43La Normandie est souvent présentée comme un modèle. Sans développer l’aspect céréalier, lui-même très observé, on loue les herbages du Pays d’Auge, du Bessin, on regarde les différents types bovins présents, le processus de leur engraissement. On reconnaît certes l’usage des raves en Limousin depuis le XVIIe siècle, mais la spécialisation dans l’engraissement de certains pays passe longtemps inaperçue au niveau national, comme les auteurs ne vont pas au-delà de la haute Marche, d’où viennent les bœufs d’engrais à Paris, sans suivre les étapes en amont. On suppose en Limousin un système archaïque, image rapportée de Paris par Turgot lorsqu’il devient intendant de la généralité de Limoges, en 1761, jusqu’en 1774 ; l’esprit physiocrate de Turgot en est troublé par les usages qu’il observe et la résistance qu’il subit.
44Le Charolais, autre grande région d’élevage, souffre également de l’éloignement de Paris, même si là encore on reconnaît la qualité de l’embouche effectuée pour les marchés de Lyon et de Paris. Le développement continu de cette activité et son extension nivernaise lui donne progressivement plus de place dans l’édition agronomique, mais tardivement.

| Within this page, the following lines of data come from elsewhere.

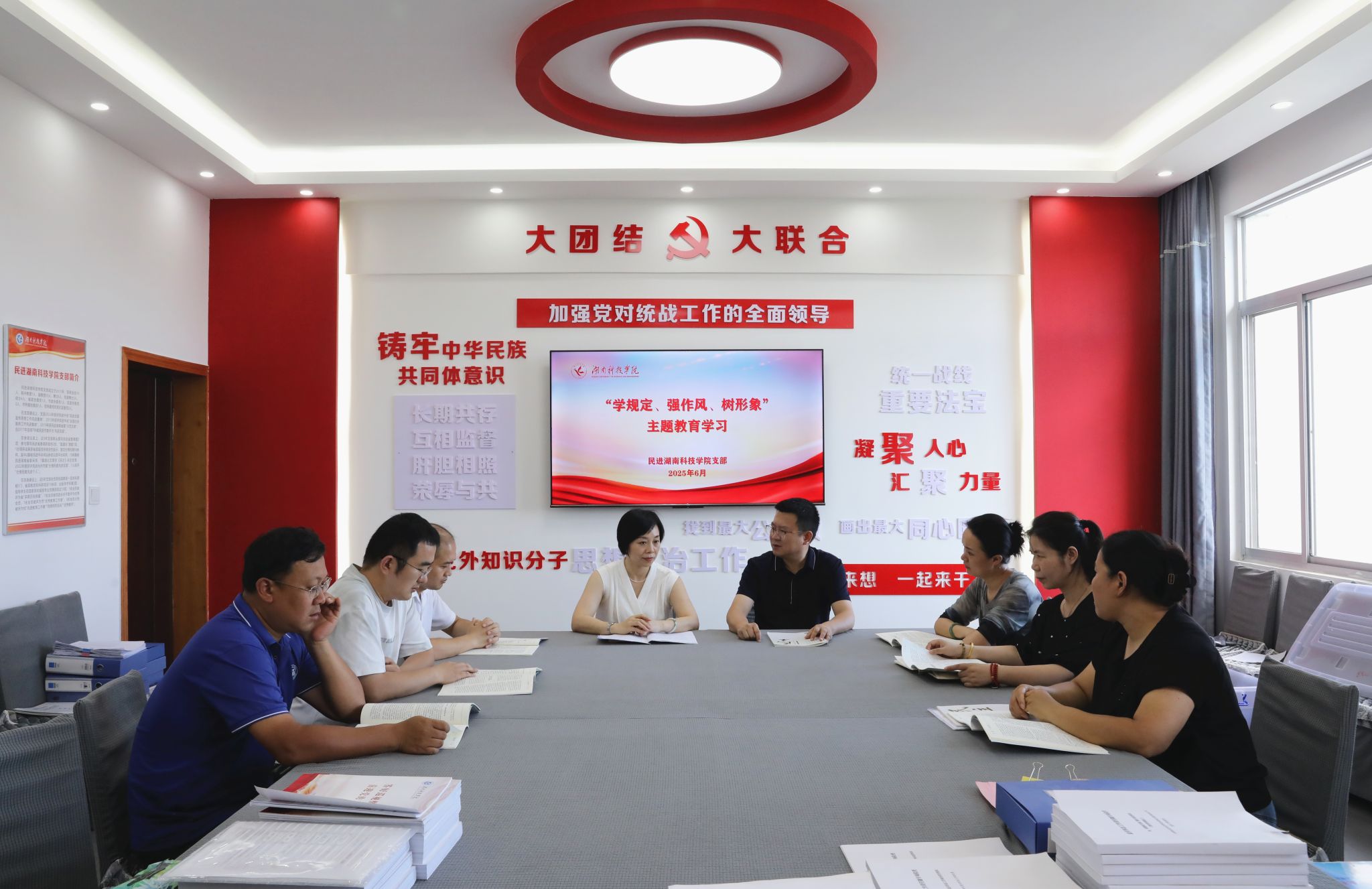 本网讯(通讯员 李小雨 李焕品)6月27日,民进beat365英国官网支部召开“学规定、强作风、树形象”主题教育学习会,深入学习贯彻中共中央八项规定精神,全面加强纪律作风建设。支部主委何丽萍主持会议并讲话。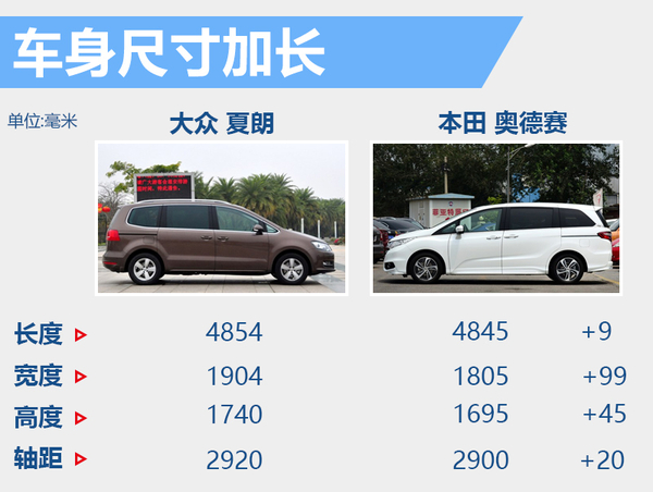 本田奥德赛现款车型车身尺寸为4845*1805*1695毫米,轴距长度为2900毫米,内部乘坐空间较为出色。大众夏朗现款车型车身尺寸为4854*1904*1740毫米,轴距长度为2920毫米。相比同级别车型奥德赛车身长宽高分别多出9毫米、99毫米和45毫米,轴距长出20毫米。大众夏朗内部乘坐空间将更为宽敞,在同级别车型中的竞争力更强。(网通社2016年4月11日北京报道)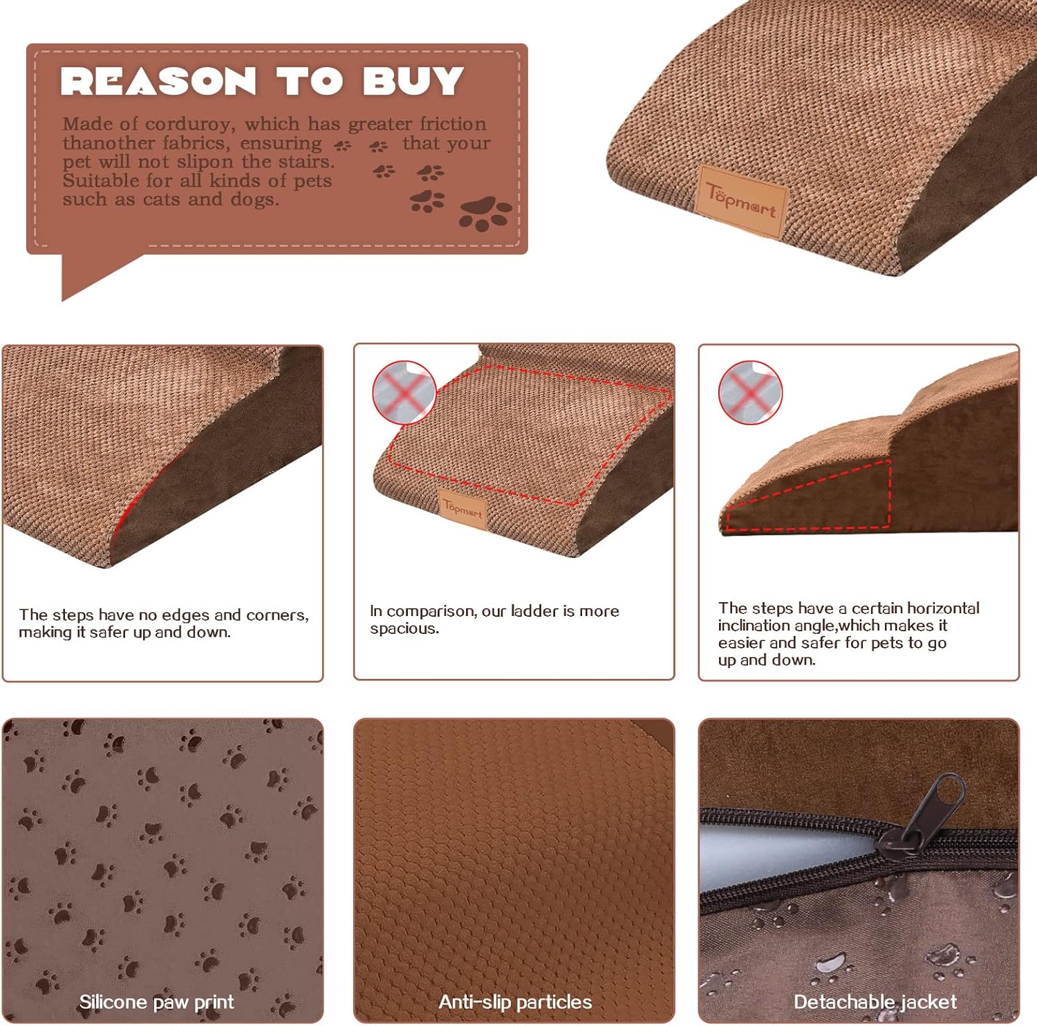 - Safer,Wider&Deeper Steps: Our dog stairs are excellent for those older dogs who are less mobile as they age or for cats with injuries. More wide and deep steps are helpful for reducing the strain that constantly jumping up and down onto lower bed,sofa can have on your pet's joints,and topmart dog steps will not shake and slip during use. The cover made of corduroy is more frictional than other covers, pets will not slip on the stairs.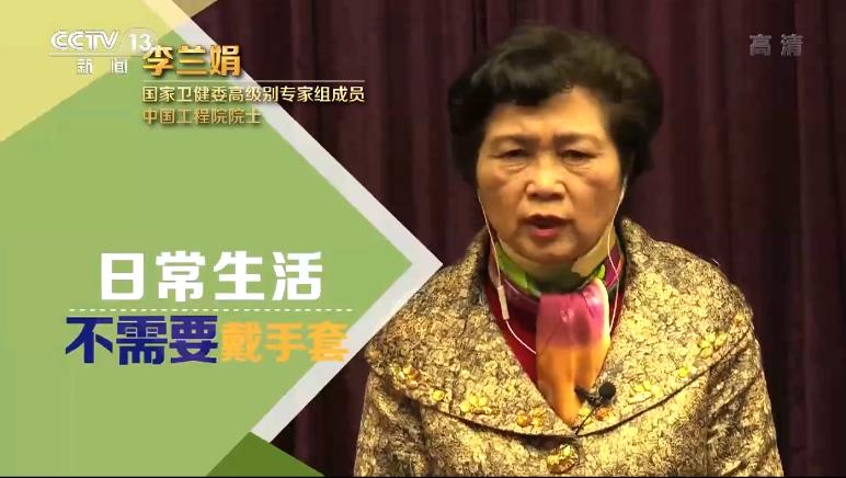 李兰娟:日常生活不需要戴手套;只有直接接触污染物的时候才需要戴手套。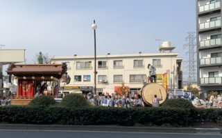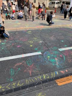 ジェラートを楽しんだ後、今来た道を戻り更に聖跡桜ヶ丘に向かいました。途中太鼓の音がと道路の反対側を見ると大太鼓と山車が春祭りでした。聖跡桜ヶ丘では桜祭りが開催されていました。道路一部閉鎖して子ども達が落書きできるようなスペースになっていて非常に楽しそうなお祭りでした。
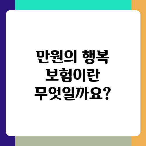 만원으로 든든한 보장을 받을 수 있다면 얼마나 좋을까요? 요즘처럼 경제적으로 어려운 시기에 작은 금액으로 큰 보장을 받을 수 있는 만원의 행복 보험에 관심이 많으시죠? 하지만 어떤 보험인지, 가입 조건은 어떻게 되는지, 정확히 어떤 상해를 보장하는지 궁금하신 분들이 많을 거라고 생각합니다. 오늘은 만원의 행복 보험에 대해 자세히 알아보고, 똑똑하게 가입하는 방법까지 알려드릴게요. 가입 전 꼭 확인해야 할 사항들도 꼼꼼하게 살펴볼 테니, 끝까지 집중해서 읽어보세요!
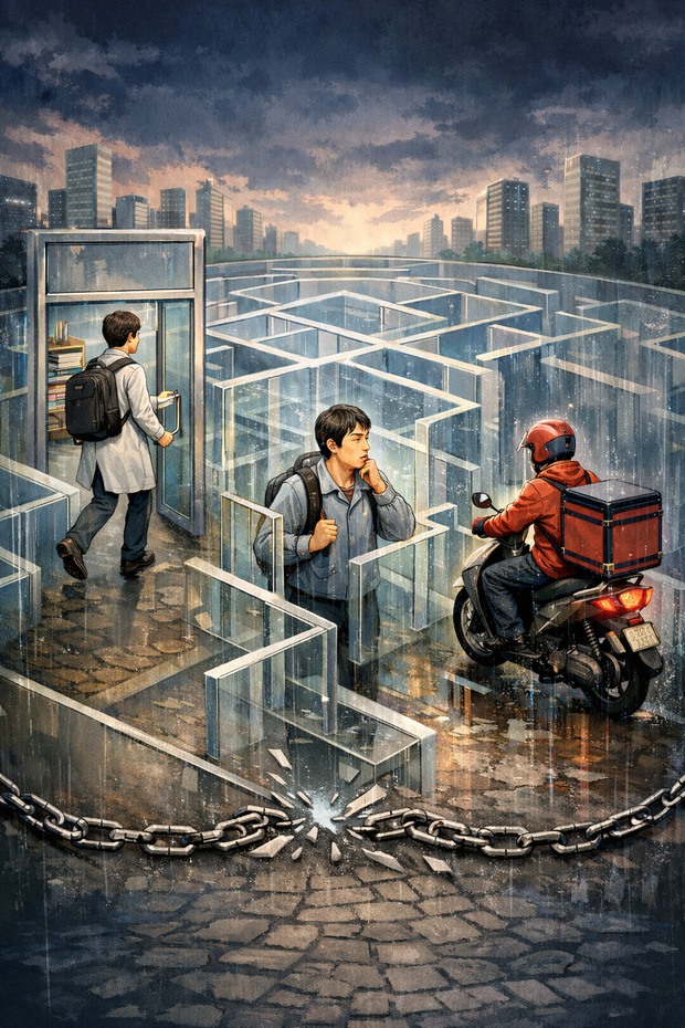 우리가 신봉하는 공정은 흔히 시험이라는 좁은 문을 통과하는 기계적 절차에 매몰되어 있다. 이러한 협소한 인식은 우리 사회를 거대한 유리 미로로 만들고 있다. 유리 미로는 단순히 성장을 가로막는 유리 천장과 다르다. 그것은 입구는 활짝 열려 있는 듯 보이지만, 보이지 않는 투명한 벽들이 복잡하게 얽혀 있어 특정 지도를 가진 자들만이 출구를 찾도록 설계된 기만적 구조를 의미한다.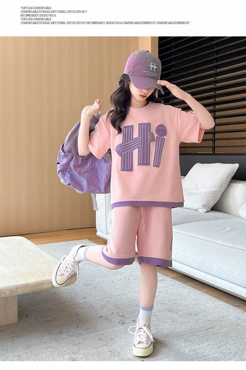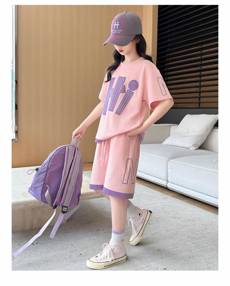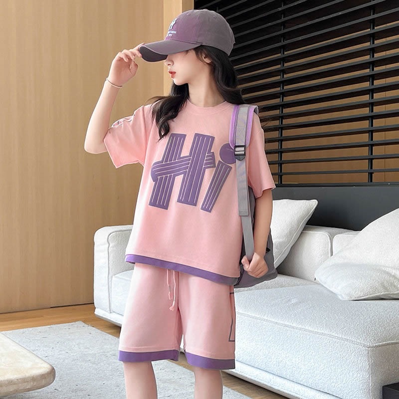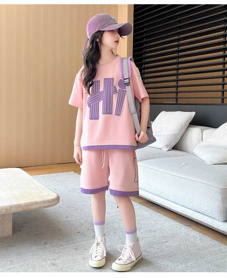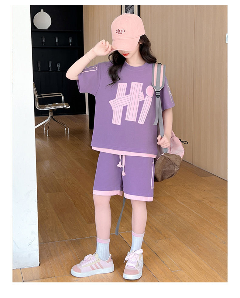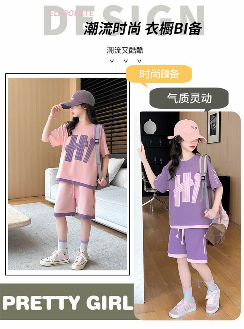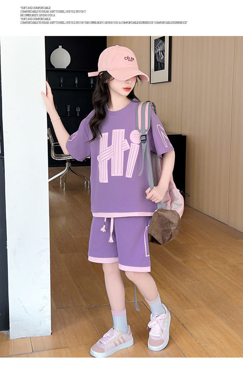 여아 여름 세트 2026년 신상 중대형 아동용 트렌디한 반팔 반바지 캐주얼 스포츠 투피스 여름옷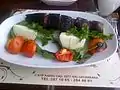 Skewers consisting of pork, chicken or lamb that is barbecued.[6][7] Pictured is a souvlaki platter. |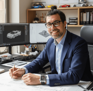 Desafío: Explorar la relación entre el diseño automotriz y la relojería suiza, buscando trasladar el lenguaje formal y la potencia visual de los superdeportivos a un objeto de uso cotidiano.
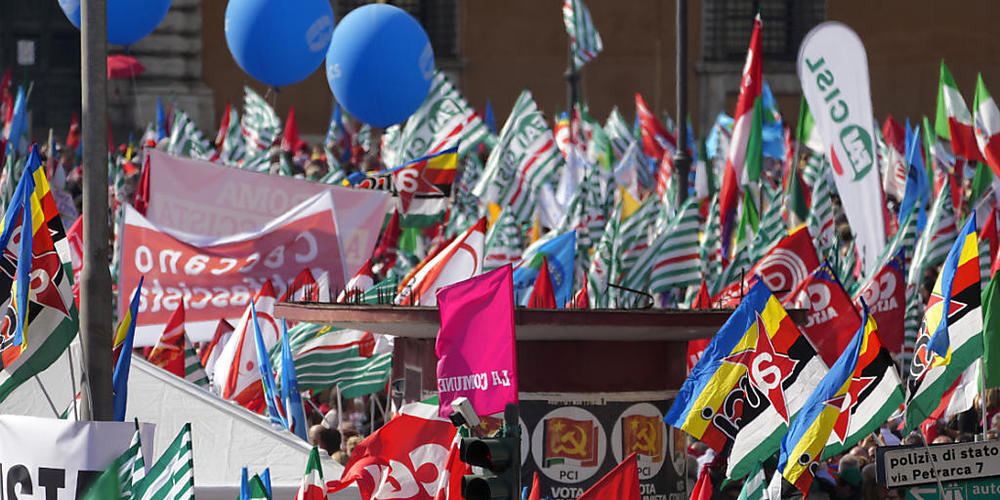 Nach Angaben der Gewerkschaften standen etwa 800 Busse und zehn Sonderzüge in ganz Italien bereit, um die Menschen in die Hauptstadt zu bringen. Mit Fahnen und Bannern zogen Tausende Gewerkschaftsanhänger und verschiedene linke Gruppen durch die Strassen um den Veranstaltungsort an der Piazza di San Giovanni in Laterano unweit des Kolosseums.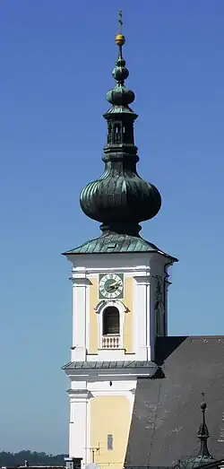 Der Kirchturm wurde um 1500 völlig neu erbaut. Von 1777 bis 1786 wurde der Zwickelturmhelm abgebrochen und ein Zwiebelturm errichtet. Der Kirchturm ist 56 Meter hoch.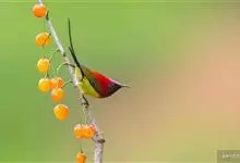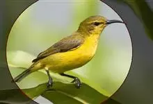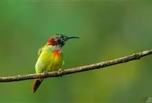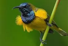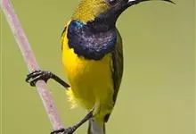 黄腹花蜜鸟是雀形目太阳鸟科花蜜鸟属鸟类。体型较小、喙略短而弯、腹部黄色。雄鸟繁殖季节颏及胸黑紫色并泛金属光泽,具有绯红色及灰色胸带,将上腹部黑色斑与前胸隔开,肩斑为橙黄色丝质羽,上体橄榄绿色,…全部>>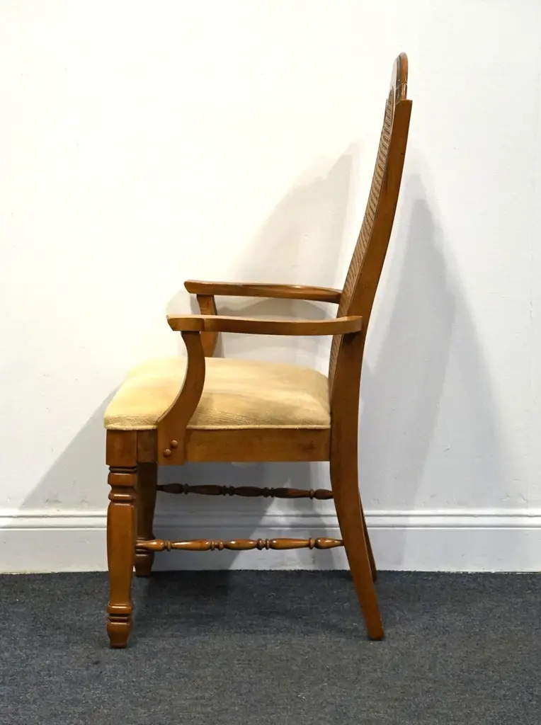 Singer Furniture Solid Pecan Italian Mediterranean Style Cane Back Dining Arm Chair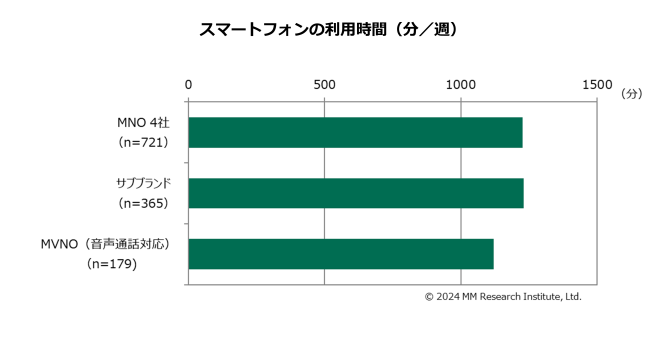 スマートフォンの1週間あたり利用時間※18,19は1,213分(20時間13分)となった。個別にみると、MNO 4社は1,227分、サブブランドは1,231分、MVNOは1,120分となった。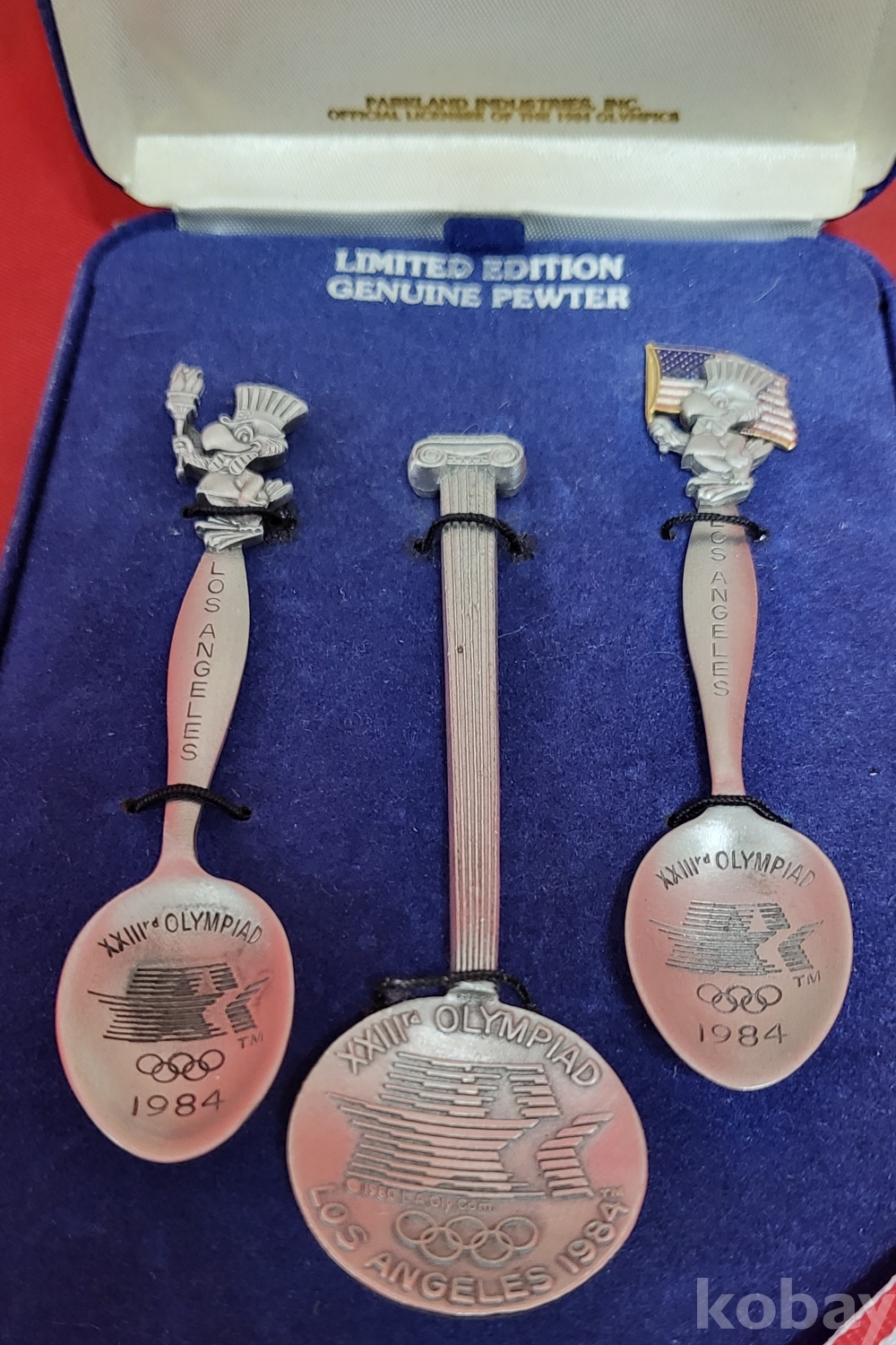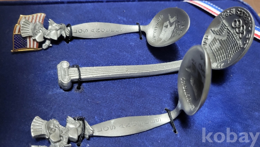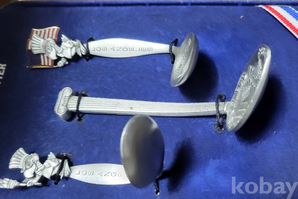 1984 년도 미국 LA 올림픽 기념 은제로 보이는 티스푼 3개 미사용입니다,

45La part des régions dans les écrits ne suffit pas à cerner l’influence des théories et les échanges avec la pratique. Une étude plus approfondie du secteur de l’édition, de la librairie, peut apporter des éléments plus concrets, avant de rechercher au mieux la trace d’ouvrages dans les campagnes, au sein des inventaires mobiliers, par exemple, dressés par les notaires, dans ces mêmes trois régions exemplaires.
Notes de bas de page
1 En 1749, dans l’Histoire naturelle de Buffon, les vaches flandrines amenées en Poitou, en Aunis et dans les marais de Charente, sont les seules particularités locales dont on parle à l’article du bœuf.
2 Fanica O., in Histoire & Sociétés rurales, 2001, no 15, p. 105-130.
3 « Prendre soufre en bâton qu’on fera bouillir dix-huit fois dans de l’eau, jetant l’eau chaque fois dès qu’elle commence à bouillir ; faire sécher ensuite les bâtons de soufre jusqu’à ce qu’ils paroissent se réduire en poudre très-fine. Donner une once et demie de cette poudre, matin et soir, dans du son ou de l’avoine. Ce remède ne doit que seconder les saignées, tant de cou que sous la langue. De plus on recommande de faire boire à la bête malade la plus grande quantité de petit lait qu’il sera possible. »
4 C’est aussi une publication indépendante, par Huzard (Précis sur l’épizootie qui s’est déclarée, en juillet 1810, sur les bœufs dans la vallée d’Auge, département du Calvados [imprimé par ordre du Ministre de l’intérieur, comte de l’Empire, M. de Montalivet], Paris, Impr. Impériale, 1810, in-folio) ; on en parle également dans la Bibliothèque des propriétaires ruraux (1810, t. xxxi, p. 258-260).